Internal release featuring

  1. Table functionality
    With a table of data in the sheet, the user can:
    • Create Table: by selecting the full range of the table, clicking on Table Menu in the Main-Menu Bar, selecting Create Table by Range, providing a table name (alphanumeric only without spaces and start with a letter).
    • Delete Table: by selecting the full range of a created table, clicking on Table Menu in the Main-Menu Bar, selecting Delete Table by Range.
    • Use Tables Sidebar: by toggling it from the Table Menu, a user can see the created tables within that book.
  2. R-tree for dependency
    The dependency tree now will be handled by using a compressed R-tree.
  3. Relational Operators
    We have the basic support of set/relational-operator-like operations. The following functions are now available for use in formulae:
    UNION,
    DIFFERENCE,
    INTERSECTION,
    CROSSPRODUCT,
    SELECT,
    PROJECT,
    RENAME
    The output of these functions has the array value type.
    • The function UNION has the syntax UNION(S1, S2), with each of S1 and S2 as an array value. Instead of an array value, one can use a (contiguous) range of non-array values instead; it would be treated as an array. Each row in an array is treated as a tuple. S1 and S2 must have the same number of columns, otherwise it returns a #VALUE! error.
    • DIFFERENCE and INTERSECTION, and CROSSPRODUCT have the same syntax.
    • CROSSPRODUCT also has the same syntax as above, but it does not have the same-column-size requirement.
    • SELECT has the syntax SELECT(S, C). Here C is an array of boolean values with the same number of rows as S, with one column. It selects the subset of rows whose corresponding value in C is true.
  4. INDEX Function
    To view the results of the previous formulae, we now support a new cell value type, "array". In addition, the function INDEX has a new behavior operating on array values.
    • A cell containing an array value will display the size of the (two-dimensional) array of the value, like [5x3].
    • In order to display an element in an array value, one needs to use INDEX(array, row, [column]), specifying the row/column index. For example, if cell A5 contains a 5 by 3 array value, INDEX(A5,2,3) is the array's element in row 2, column 3. INDEX returns a #REF! error if the row/column is out of range. If the array is one-dimensional (has one column), then the column index is optional; it defaults to the first column.

Known Issues

  • The output is undefined if an operand is not a set (has repetitions).
  • The relational operators are not well-integrated with tables: PROJECT, RENAME
    and JOIN would be more meaningful once attributes are actually named.
  • String equality is not checked properly.

Release 0.1.1

24 Apr 16:04
Compare
Choose a tag to compare

DataSpread: A Spreadsheet-Database Hybrid System

dataspread-fiverr2-cropped

DataSpread is a spreadsheet-database hybrid system, with a spreadsheet frontend, and a database backend.
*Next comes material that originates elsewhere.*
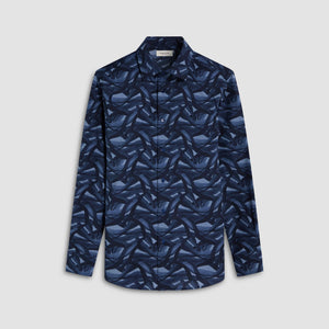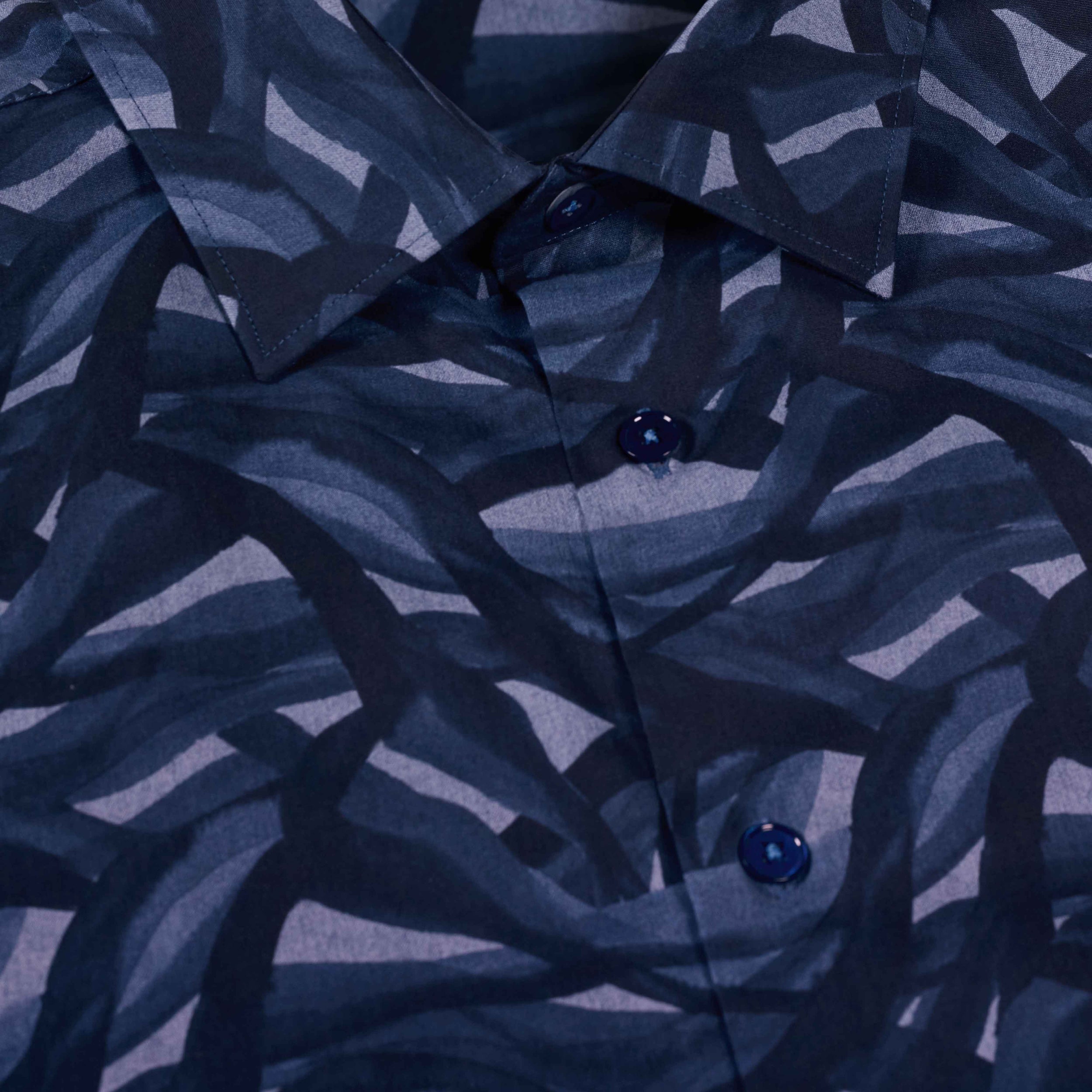 The Julian long-sleeve Comfort Stretch shirt in abstract wave print is crafted from premium Italian cotton with a hint of stretch for all-day comfort. It features a point collar, mother-of-pearl buttons, a curved hem that looks great tucked or untucked, and adjustable notched cuffs that also convert for cufflinks. A refined, all-occasion shirt.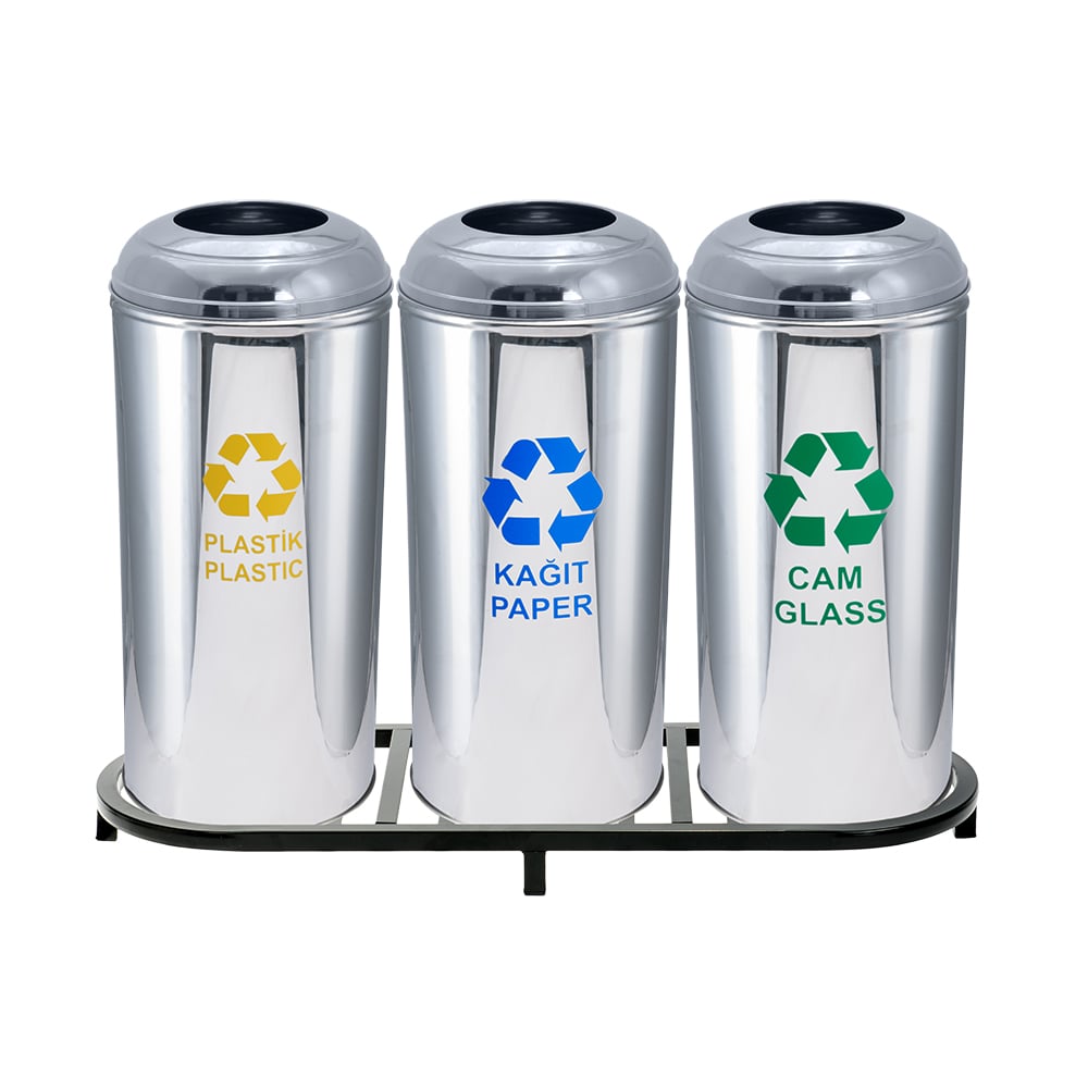 Sıfır Atık Kutuları: Yükseklik 68 cm Çap 30 cm 430 Kalite Paslanmaz Çelik Stand Yüksekliği 73 cm Stand Genişliği 103.5 cm Stand Derinliği 36 cm

Thus, DataSpread inherits the flexibility and ease-of-use of spreadsheets, as well as the scalability and power of databases. A paper describing DataSpread's architecture, design decisions, and optimization can be found here. DataSpread is a multi-year project, supported by the National Science Foundation via award number 1633755.

Version

The current version is 0.1.

Features

DataSpread is built using PostgreSQL and ZKSpreadsheet, an open-source web-based spreadsheet tool.

DataSpread's version 0.1 enables users to scale to billions of cells and return results for common spreadsheet operations within seconds. It does so via on-demand loading of spreadsheet data.

Like traditional spreadsheet software, DataSpread supports standard spreadsheet book and sheet operations like Load, Rename, Delete, and Import (via XLS and XLSX, and CSV). Any updates to the spreadsheets are automatically saved.

Like traditional spreadsheet software, DataSpread supports the use of 225+ spreadsheet functions, along with formatting and styling operations. It also supports row and column operations like insert, delete, cut, copy, and paste; during insertion and deletion, formulae are updated as is the case in traditional spreadsheet software.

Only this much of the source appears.